UN’s Assistant Secretary-General Toby Lanzer has warned that Nigeria is on the brink of the worst famine recorded in recent times as nearly a quarter of a million children in Nigeria’s north east are severely malnourished. This is in addition to the millions who are thought to be starving in refugee camps.
Coupled with the economic recession, slump in oil prices and weakened Naira, Nigeria is still grappling with the wreckage that Islamic militants, Boko Haram, are inflicting on the North East region of Nigeria. their activities are dragging agricultural activities in the region to a standstill.
Lanzer said if attention is not given to the country’s situation, “we will see, I think, a famine unlike any we have ever seen anywhere” Sky News reports.
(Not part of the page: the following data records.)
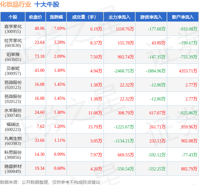 个股表现方面,化妆品行业当日领涨股为嘉亨家化(300955),该股当日报收40.06,上涨7.69%,成交量6.19万,主力资金净流入1110.76万元。拉芳家化(603630)以上涨3.28%紧随其后,该股当日成交量8.37万,主力资金净流入155.78万元。除此之外,珀莱雅(603605)、贝泰妮(300957)、芭薇股份(920123)均进入当日牛股之列。具体个股列表见下表: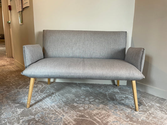 Banquette deux personnes avec accoudoirs, en tissu gris, pieds en bois avec quelques traces.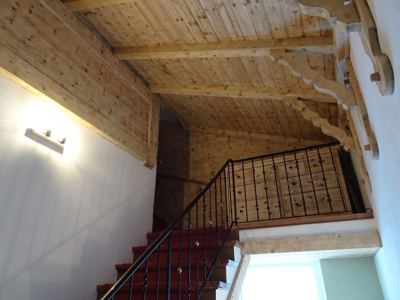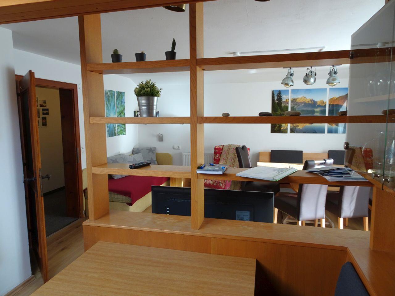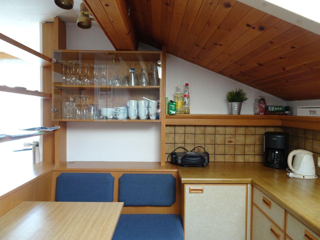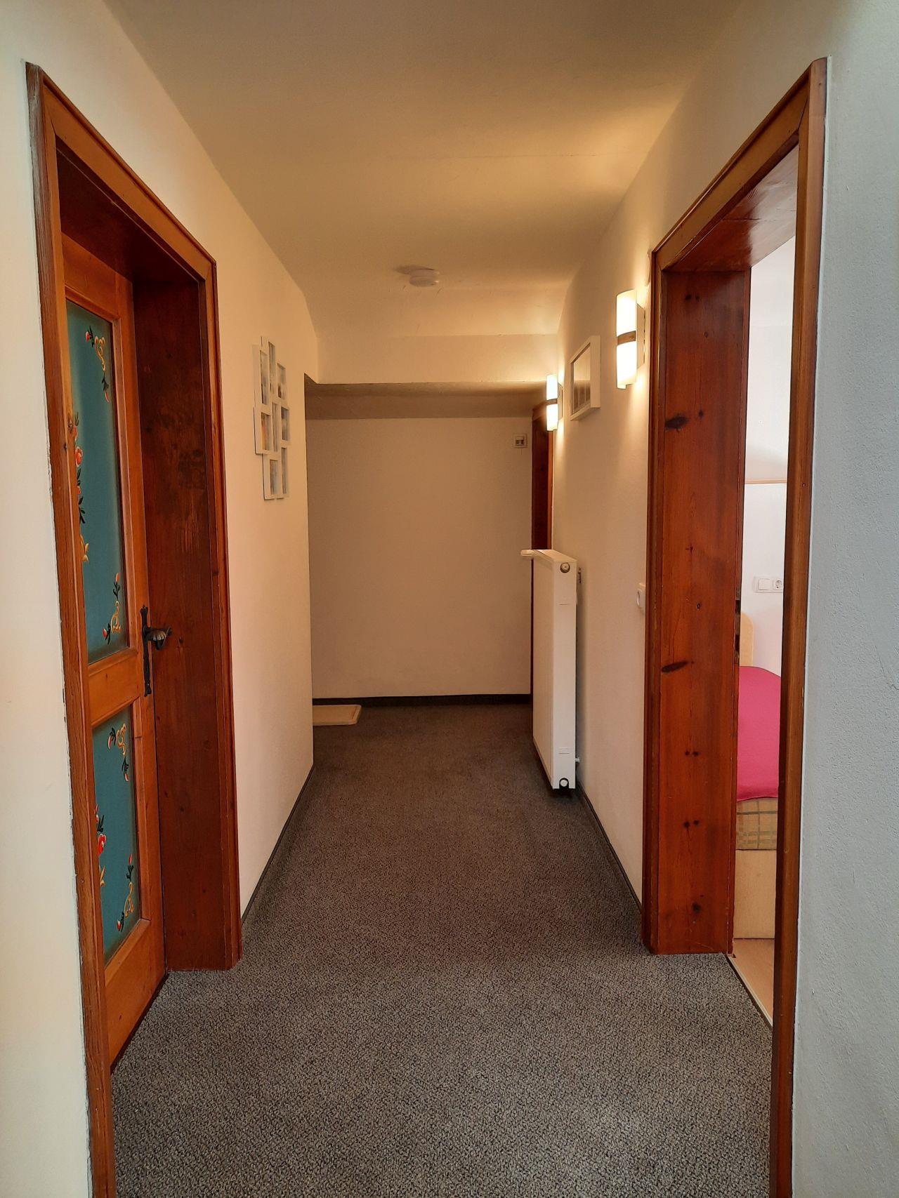 Wir verfügen über eine gemütliche 70 m² Ferienwohnung im Dachgeschoß für 1-5 Personen mit kleinem Balkon (Dachschräge in Küche und Badezimmer, Eingangsbereich und Türhöhe 1,85 m, normale Raumhöhe 2,30 m).

The situation is not an exaggeration as a Medicins Sans Frontiers feeding center in Maidiguri records ever more people trooping in surpassing the capacities of the center. Jean Stonewell, who runs the center said ‘These are kids that basically have been hungry all their lives and some are so far gone that they die here in the first 24 hours’.
Internally Displaced People (IDP) camps are another sorry sight as food shortage abound amid allegations of corruptions among those officials responsible for feeding in the camps.
And for the commercials markets where food and fruits are readily available, their prices are sky high due to the economic crisis in the country making them unavailable for the average Nigerian.